Rather than investing in the dollar, markets sought out gold, government bonds, the Euro, and even Mexican pesos, for stability. An even stranger phenomenon is that the American dollar has declined while the United States Federal Reserve has slowed begun to raise interest rates.

Two major trends seem to contribute to the counterintuitive actions of global markets. First, in comparison to the United States, Europe’s financial markets have become more stable. Europe’s economic growth has exceeded that of the United States. Furthermore, global markets are finding the European Central Bank more understandable and predictable than the Federal Reserve.

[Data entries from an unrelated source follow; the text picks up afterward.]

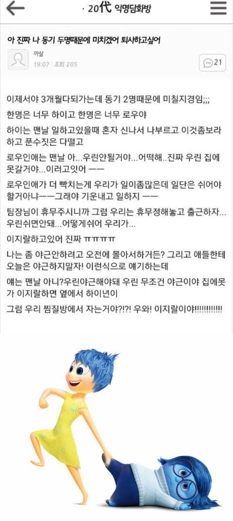 ³ª µ¿±â µÎ ¸í ¶§¹®¿¡ ¹ÌÄ¡°Ú¾î Åð»çÇÏ°í ½Í¾î
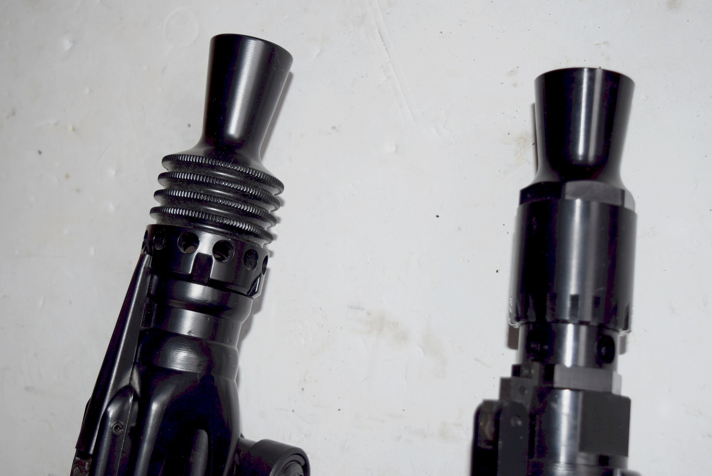 バレルジャケットが切削とプレスなので全然違っています。銃口回りは似ています。ドラムマガジンは、松栄に付いている 実物互換品はRWA には取り付けられませんでした。RWA の方が少し大きいようです。取り付けステーを少し曲げると 実物も取り付けられると思います。
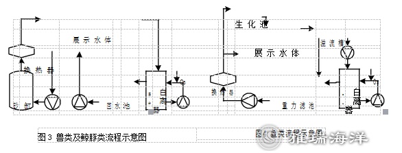 ? ? ? ?為滿足海洋生物對不同水溫和水質(zhì)的要求,各展示水體需單獨(dú)設(shè)置維生系統(tǒng)。獸類及鯨豚類維生系統(tǒng)
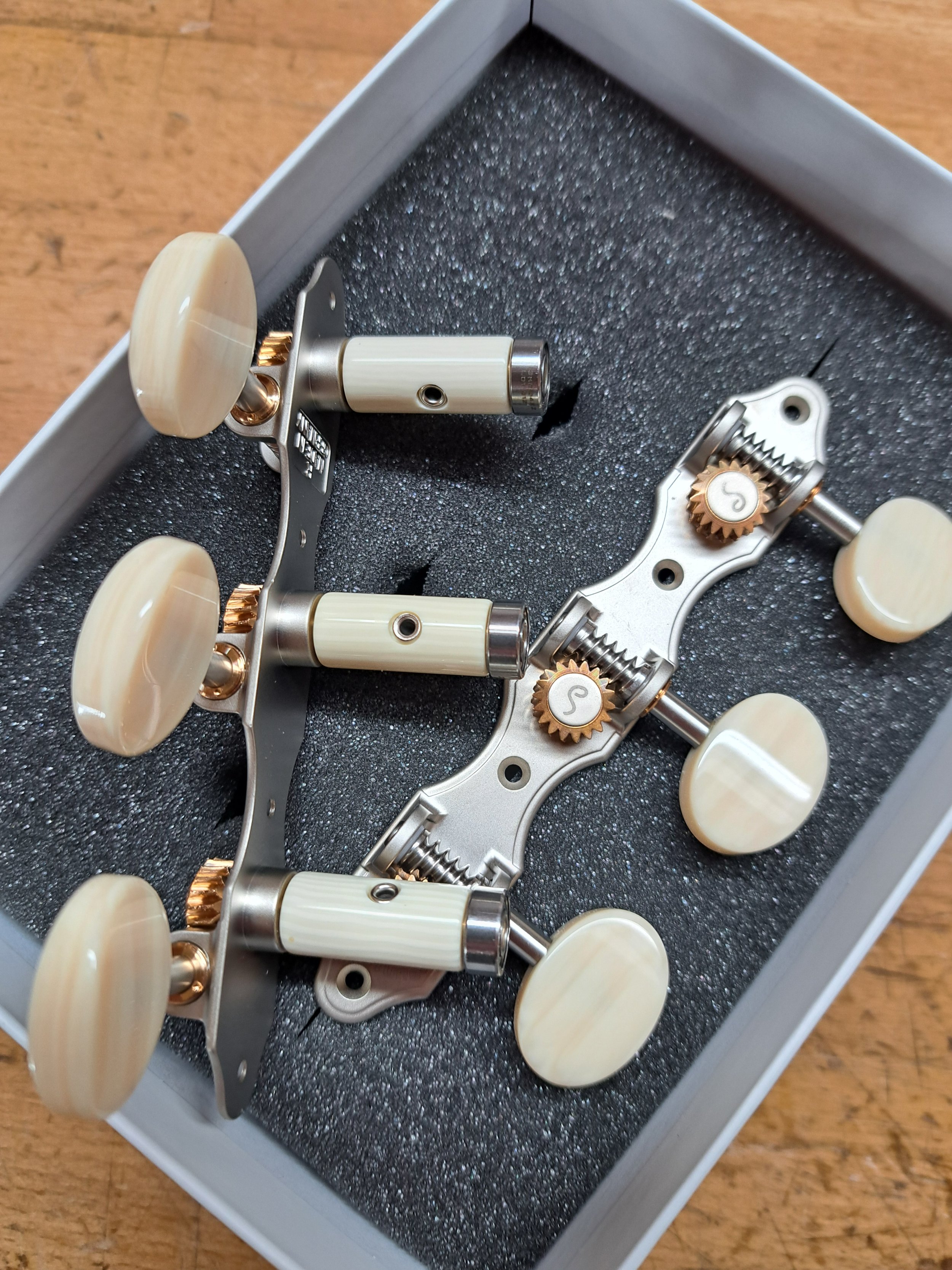 Die Mechaniken der Marke Schaller sind aus der „Grand Tune“-Serie mit kugelgelagerten Wellen.
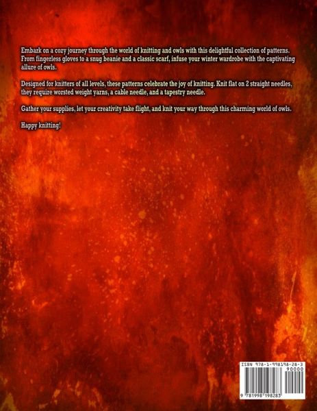 Within these pages, you'll discover a delightful collection of knitting patterns that blend the warmth of traditional knitwear with the whimsy of our feathered friends, the owls. Whether you're a seasoned knitter or recently conquered the fundamentals along your crafting journey, this book offers something special for everyone. This trio of patterns infuses charm and personality into your winter wardrobe essentials: fingerless gloves, a snug beanie, and a classic scarf, each adorned with the captivating allure of owls. These designs are more than just garments; they're a celebration of the artistry and joy that knitting brings into our lives. As you embark on your knitting adventure, immerse yourself in the rhythmic dance of stitches, and watch as these whimsical owls come to life, stitch by stitch. The 3 patterns are all knit flat on 2 straight needles. To make this delightful collection, you'll need your colour choices of worsted weight yarns, a cable needle and a tapestry needle. You can use whatever you like for eyes: small flat jewels, small buttons or even embroider on the eyes. So gather your needles, your selected yarn, and let your creativity take flight as you embark on this cozy journey through the world of knitting and owls. Happy knitting everyone!
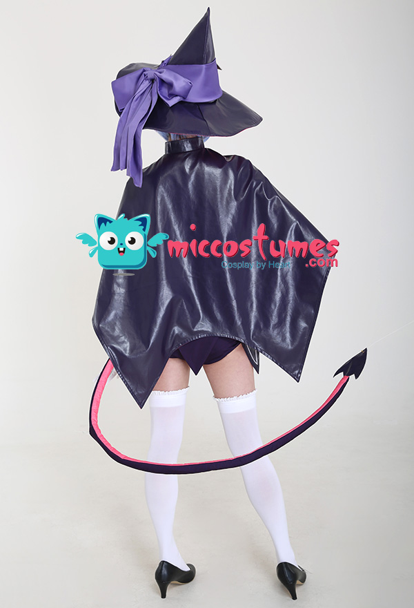 The costume includes hat, headdress*1, chest accessory*1, cloak, invisible bra strap*2, glove*2, corset, tail, stockings, panty. It is made of spandex, PU leather, satin, aluminium wire, iron wire.
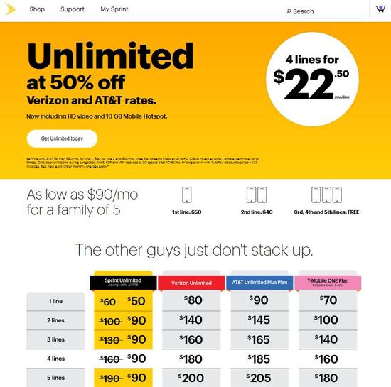 比方,Sprint推出了“流量吃到飽”計劃(下圖),一個有五張手機(jī)卡的家庭每個月的費(fèi)用低至50美元,除了流量無上限以外,還包含不限時長的通話和不限數(shù)量的短信。

One of the major causes of the global retreat from the Dollar has been the growing sense that American governments – at all levels – are out of control. Take the Montgomery County government as an example. The County government lacks any fiscal direction or management. Rather than budgeting based upon goals and purposes and limiting expenditures to necessity, the County government has gone through the last two decades spending every dollar that it could find available to it.

While the County’s debt rating has grown to AAA, the rating merely reflects two factors, as the County’s financial advisors explained in the Commissioners Court: (1) the County has enjoyed a consistent population growth, and (2) the County’s citizens have looked the other way as the County government has consistently increased government spending.

Meanwhile, Montgomery County’s debt has increased substantially, particularly as the government uses short-term debt obligations to fund capital improvements while sponging up every cent of property appraisal growth into increased government spending.

The proposed Fiscal Year 2018 Budget is a lower total dollar amount than the previous year only because the County defeased some bond debt and reduced debt service by nearly $22 million. In actuality, however, the actual governmental expenditure budget (spending other than debt service) actually is rising to historically high levels for Fiscal Year 2018.

While Montgomery County’s government spending growth is far more out-of-control and rising more rapidly than the vast majority of other county governments in Texas, Texas’ state government, or the federal government, the reality is that spending at all levels of government is rapidly moving Montgomery County, Texas, and the entire United States into a fiscal crisis.

Government can’t find enough money to spend, while the citizens are witnessing their disposable income (earning minus taxes) rapidly decline.